Zero ongoing cost. Requires a GPU for the LLM; embeddings run on CPU.

# LLM
LLM_PROVIDER=ollama
LLM_MODEL=qwen2.5:32b
LLM_API_URL=http://localhost:11434/v1

# Utility LLM — cheap model for background tasks (contextual retrieval)
UTILITY_LLM_PROVIDER=ollama
UTILITY_LLM_MODEL=qwen2.5:7b
UTILITY_LLM_API_URL=http://localhost:11434/v1

# Embeddings (same Ollama instance, different endpoint)
EMBEDDING_PROVIDER=ollama
EMBEDDING_MODEL=nomic-embed-text
EMBEDDING_API_URL=http://localhost:11434

# Web search (optional, self-hosted)
SEARCH_PROVIDER=searxng
SEARCH_API_URL=http://localhost:8080

# Reranker (optional — self-hosted cross-encoder via generic provider)
# RERANKER_PROVIDER=generic
# RERANKER_MODEL=BAAI/bge-reranker-v2-m3
# RERANKER_API_URL=http://localhost:8787

# HyDE — improves search_knowledge quality at ~500-1500ms extra latency
# SKIPPER_ENABLE_HYDE=true

Pull models first:

ollama pull qwen2.5:32b
ollama pull qwen2.5:7b
ollama pull nomic-embed-text

No hardware needed.

# LLM — Claude Sonnet
LLM_PROVIDER=anthropic
LLM_MODEL=claude-sonnet-4-5-20250929
LLM_API_KEY=sk-ant-...

# Utility LLM — Haiku for background tasks (contextual retrieval)
UTILITY_LLM_PROVIDER=anthropic
UTILITY_LLM_MODEL=claude-haiku-4-5-20251001
UTILITY_LLM_API_KEY=sk-ant-...

# Embeddings — OpenAI (Anthropic doesn't offer embeddings)
EMBEDDING_PROVIDER=openai
EMBEDDING_MODEL=text-embedding-3-small
EMBEDDING_API_KEY=sk-...

# Web search
SEARCH_PROVIDER=tavily
SEARCH_API_KEY=tvly-...

# Reranker — Cohere rerank
RERANKER_PROVIDER=cohere
RERANKER_MODEL=rerank-4-pro
RERANKER_API_KEY=...

# HyDE — improves search_knowledge quality at ~500-1500ms extra latency
# SKIPPER_ENABLE_HYDE=true

One API key, access to all providers. Swap models by changing one string.
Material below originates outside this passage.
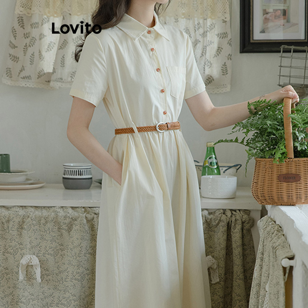 Lovito Vestido feminino casual com botão liso e bolso frontal dividido LNL72019

# LLM — any model via OpenRouter (OpenAI-compatible)
LLM_PROVIDER=openai
LLM_MODEL=anthropic/claude-sonnet-4-5
LLM_API_KEY=sk-or-...
LLM_API_URL=https://openrouter.ai/api/v1

# Utility LLM — cheap model via OpenRouter for background tasks
UTILITY_LLM_PROVIDER=openai
UTILITY_LLM_MODEL=anthropic/claude-haiku-4-5
UTILITY_LLM_API_KEY=sk-or-...
UTILITY_LLM_API_URL=https://openrouter.ai/api/v1

# Embeddings — OpenAI directly
EMBEDDING_PROVIDER=openai
EMBEDDING_MODEL=text-embedding-3-small
EMBEDDING_API_KEY=sk-...

# Web search
SEARCH_PROVIDER=brave
SEARCH_API_KEY=BSA...

OpenRouter doesn’t proxy embeddings or reranking, so use provider APIs directly for those.

# Reranker — pick one:

# Voyage AI (200M free tokens, instruction-following)
RERANKER_PROVIDER=voyage
RERANKER_MODEL=rerank-2.5
RERANKER_API_KEY=pa-...

# ZeroEntropy (#1 quality, fastest, half-price)
# RERANKER_PROVIDER=generic
# RERANKER_MODEL=zerank-2
# RERANKER_API_KEY=ze-...
# RERANKER_API_URL=https://api.zeroentropy.dev/v1/models

# Jina (cheapest, strong multilingual)
# RERANKER_PROVIDER=jina
# RERANKER_MODEL=jina-reranker-v2-base-multilingual
# RERANKER_API_KEY=jina_...

Local embeddings (free), API LLM (no GPU needed).

# LLM — API
LLM_PROVIDER=anthropic
LLM_MODEL=claude-sonnet-4-5-20250929
LLM_API_KEY=sk-ant-...

# Utility LLM — Haiku for background tasks (much cheaper than Sonnet)
UTILITY_LLM_PROVIDER=anthropic
UTILITY_LLM_MODEL=claude-haiku-4-5-20251001
UTILITY_LLM_API_KEY=sk-ant-...

# Embeddings — local Ollama
EMBEDDING_PROVIDER=ollama
EMBEDDING_MODEL=nomic-embed-text
EMBEDDING_API_URL=http://localhost:11434

# Web search
SEARCH_PROVIDER=tavily
SEARCH_API_KEY=tvly-...

# Reranker — Cohere rerank
RERANKER_PROVIDER=cohere
RERANKER_MODEL=rerank-4-pro
RERANKER_API_KEY=...

# HyDE
SKIPPER_ENABLE_HYDE=true

Knowledge Base

Skipper’s knowledge base is populated by crawling documentation sources and embedding them into pgvector.

How the Crawler Works

Fetch pages from sitemaps or direct URLs 2. Detect whether the page needs headless rendering (SPA detection) 3. Extract readable text via Readability → Markdown (strips navigation, boilerplate) 4. Chunk into ~500-token segments with 50-token overlap 5. Embed each chunk via the configured embedding model 6. Store in pgvector with metadata (source URL, title, source type, ingestion timestamp)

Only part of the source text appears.